MATERIAL PROVIDED:
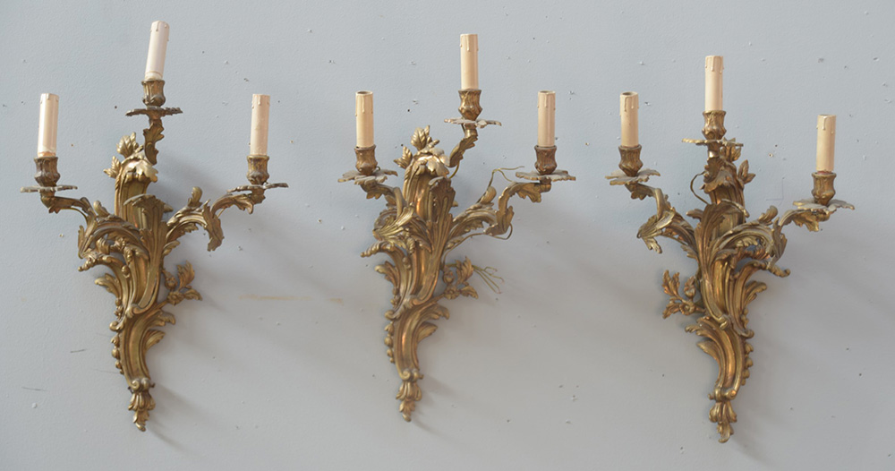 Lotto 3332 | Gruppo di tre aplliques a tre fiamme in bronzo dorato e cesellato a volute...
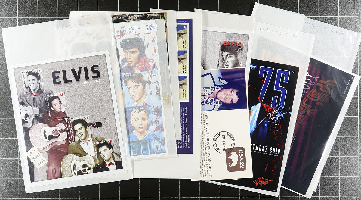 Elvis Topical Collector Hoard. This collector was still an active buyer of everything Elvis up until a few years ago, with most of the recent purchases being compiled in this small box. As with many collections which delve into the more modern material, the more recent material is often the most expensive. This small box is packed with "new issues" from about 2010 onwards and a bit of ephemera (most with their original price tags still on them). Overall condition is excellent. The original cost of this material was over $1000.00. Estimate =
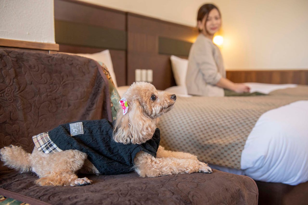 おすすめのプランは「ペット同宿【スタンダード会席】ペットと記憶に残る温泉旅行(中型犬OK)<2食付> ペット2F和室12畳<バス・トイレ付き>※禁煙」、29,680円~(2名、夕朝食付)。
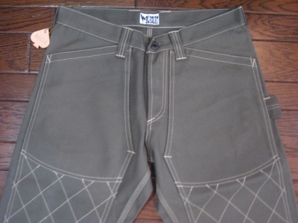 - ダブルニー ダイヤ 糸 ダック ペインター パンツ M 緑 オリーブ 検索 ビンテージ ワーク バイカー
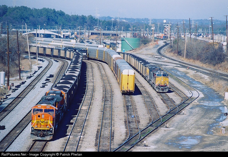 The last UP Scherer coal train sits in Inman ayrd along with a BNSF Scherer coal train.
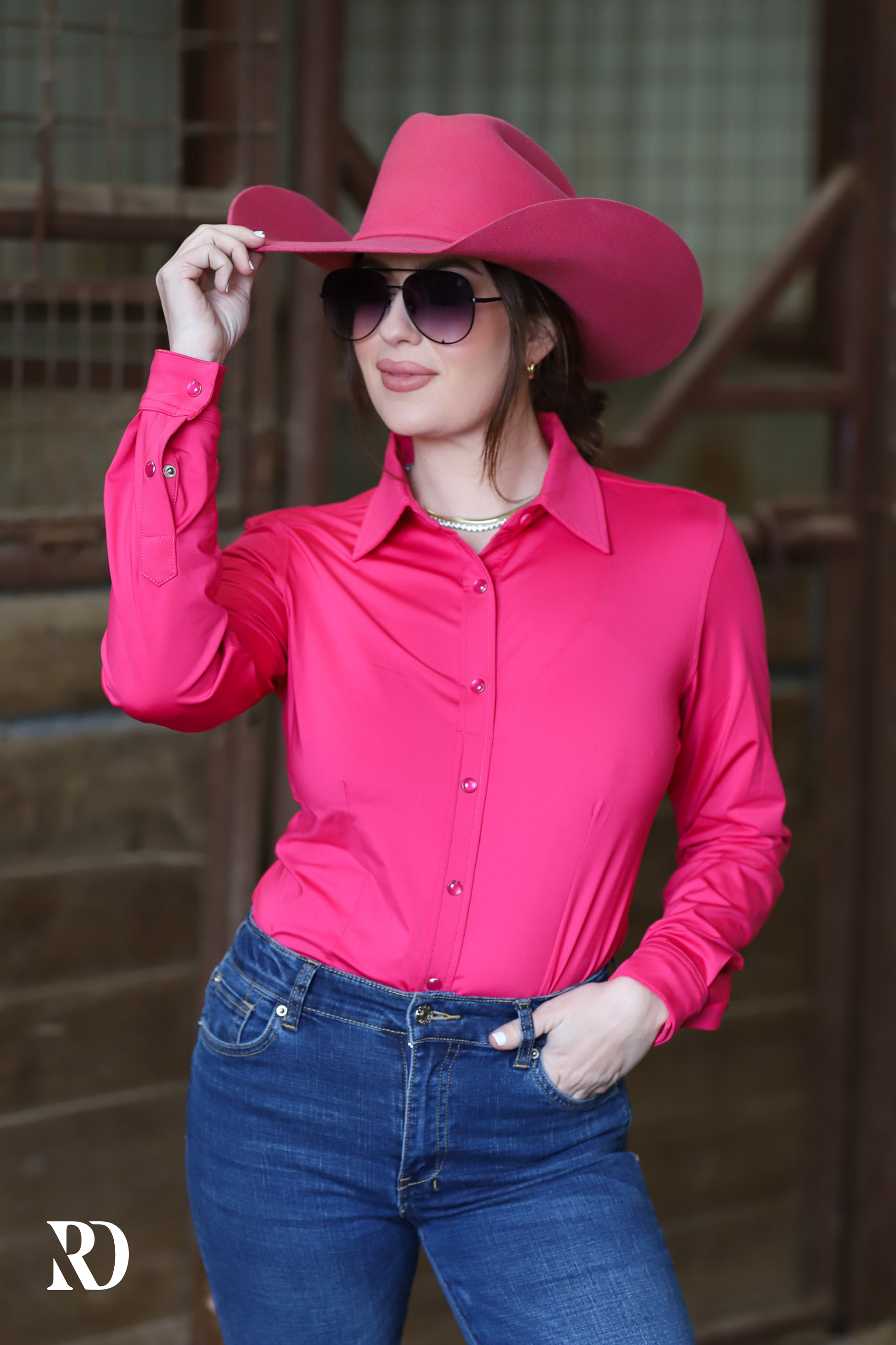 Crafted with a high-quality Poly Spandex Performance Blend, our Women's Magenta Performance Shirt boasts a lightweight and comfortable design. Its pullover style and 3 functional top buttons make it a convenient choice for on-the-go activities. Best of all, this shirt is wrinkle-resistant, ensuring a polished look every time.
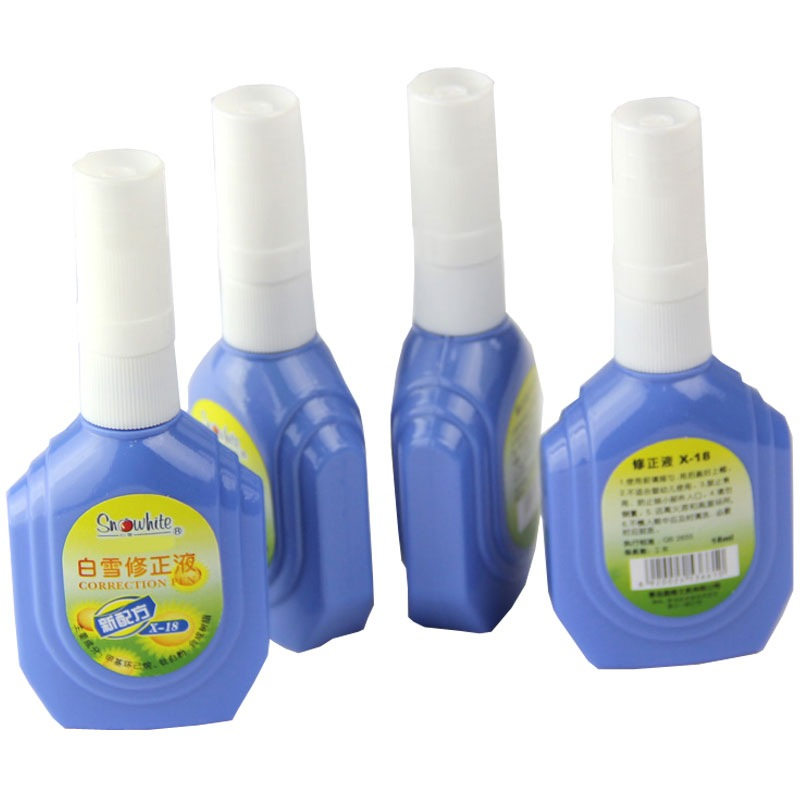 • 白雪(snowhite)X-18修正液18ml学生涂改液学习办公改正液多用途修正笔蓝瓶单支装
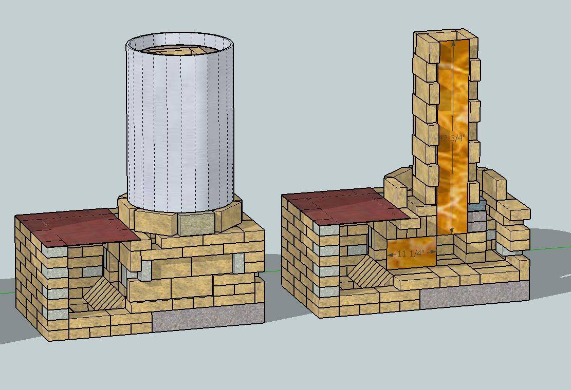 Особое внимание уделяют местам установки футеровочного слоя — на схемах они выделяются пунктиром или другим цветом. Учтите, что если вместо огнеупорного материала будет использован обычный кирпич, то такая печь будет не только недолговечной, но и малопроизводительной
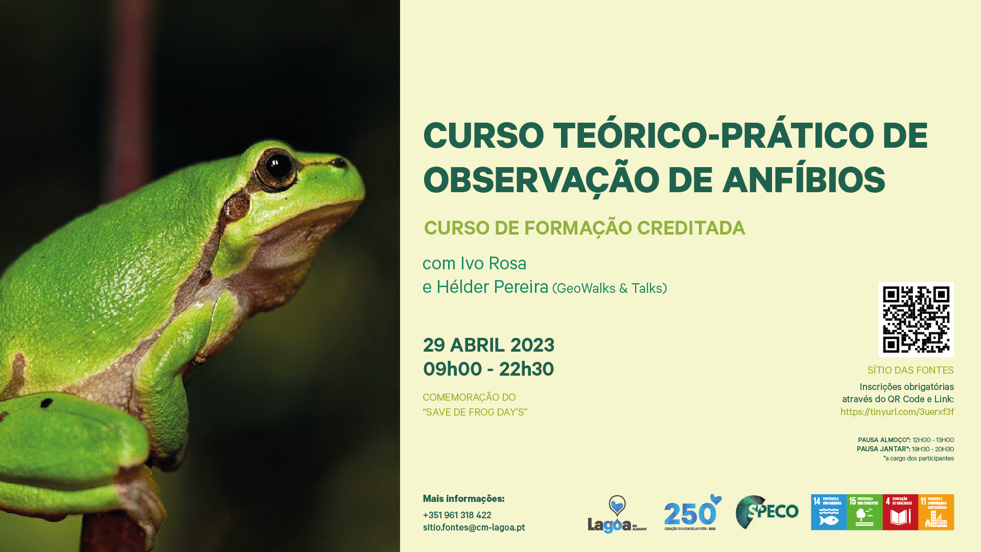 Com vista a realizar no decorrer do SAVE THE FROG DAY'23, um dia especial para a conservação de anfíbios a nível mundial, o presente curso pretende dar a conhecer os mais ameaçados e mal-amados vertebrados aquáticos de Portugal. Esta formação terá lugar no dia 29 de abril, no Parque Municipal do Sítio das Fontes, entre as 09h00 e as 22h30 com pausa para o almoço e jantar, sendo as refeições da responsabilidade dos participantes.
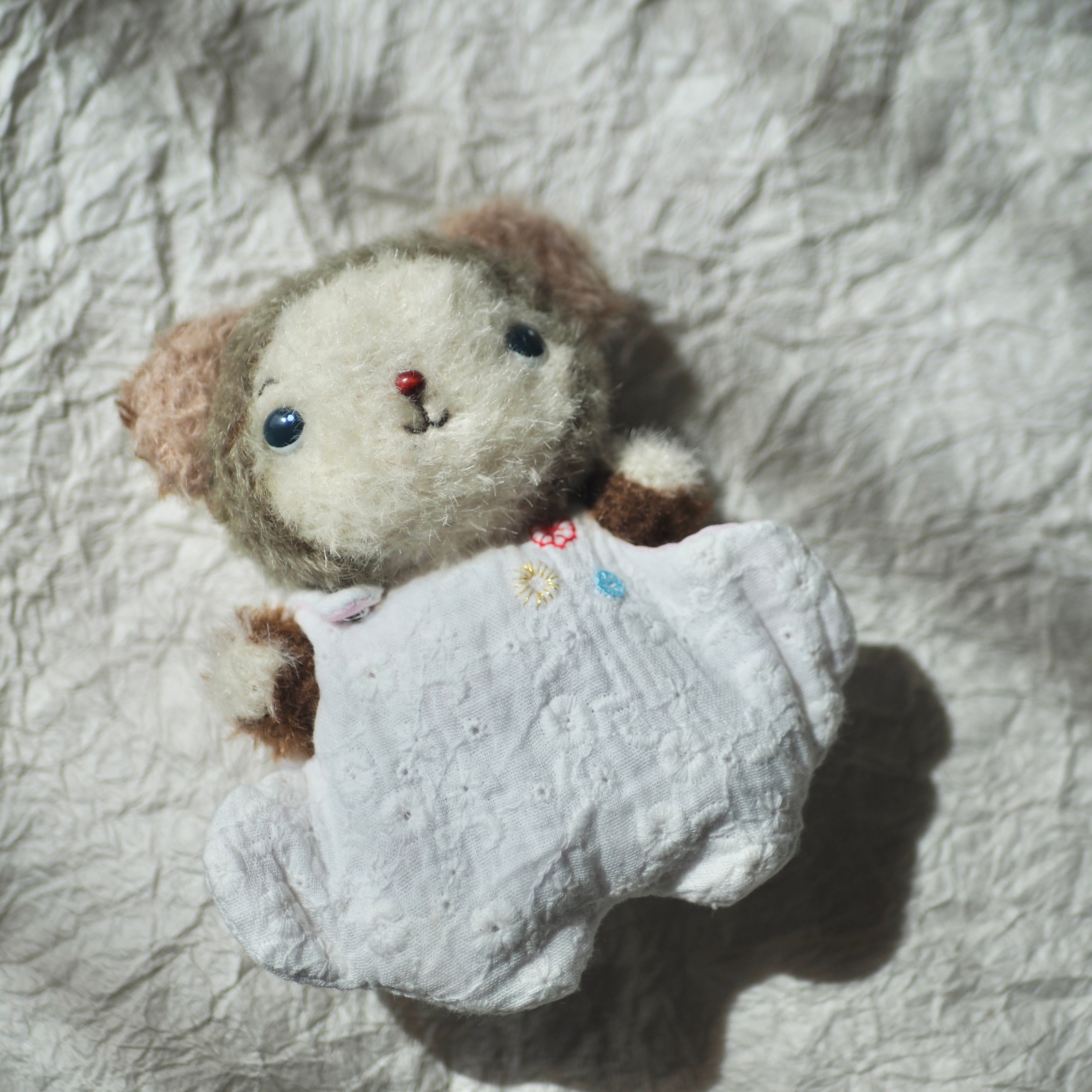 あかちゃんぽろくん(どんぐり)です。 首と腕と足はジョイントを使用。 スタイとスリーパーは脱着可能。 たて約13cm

WHAT TO DO: When you repeat the records, reproduce each line exactly and drop the images.

SOLUTION FOR THIS PROBLEM:
 Lotto 3332 | Gruppo di tre aplliques a tre fiamme in bronzo dorato e cesellato a volute...
 Elvis Topical Collector Hoard. This collector was still an active buyer of everything Elvis up until a few years ago, with most of the recent purchases being compiled in this small box. As with many collections which delve into the more modern material, the more recent material is often the most expensive. This small box is packed with "new issues" from about 2010 onwards and a bit of ephemera (most with their original price tags still on them). Overall condition is excellent. The original cost of this material was over $1000.00. Estimate =
 おすすめのプランは「ペット同宿【スタンダード会席】ペットと記憶に残る温泉旅行(中型犬OK)<2食付> ペット2F和室12畳<バス・トイレ付き>※禁煙」、29,680円~(2名、夕朝食付)。
 - ダブルニー ダイヤ 糸 ダック ペインター パンツ M 緑 オリーブ 検索 ビンテージ ワーク バイカー
 The last UP Scherer coal train sits in Inman ayrd along with a BNSF Scherer coal train.
 Crafted with a high-quality Poly Spandex Performance Blend, our Women's Magenta Performance Shirt boasts a lightweight and comfortable design. Its pullover style and 3 functional top buttons make it a convenient choice for on-the-go activities. Best of all, this shirt is wrinkle-resistant, ensuring a polished look every time.
 • 白雪(snowhite)X-18修正液18ml学生涂改液学习办公改正液多用途修正笔蓝瓶单支装
 Особое внимание уделяют местам установки футеровочного слоя — на схемах они выделяются пунктиром или другим цветом. Учтите, что если вместо огнеупорного материала будет использован обычный кирпич, то такая печь будет не только недолговечной, но и малопроизводительной
 Com vista a realizar no decorrer do SAVE THE FROG DAY'23, um dia especial para a conservação de anfíbios a nível mundial, o presente curso pretende dar a conhecer os mais ameaçados e mal-amados vertebrados aquáticos de Portugal. Esta formação terá lugar no dia 29 de abril, no Parque Municipal do Sítio das Fontes, entre as 09h00 e as 22h30 com pausa para o almoço e jantar, sendo as refeições da responsabilidade dos participantes.
 あかちゃんぽろくん(どんぐり)です。 首と腕と足はジョイントを使用。 スタイとスリーパーは脱着可能。 たて約13cm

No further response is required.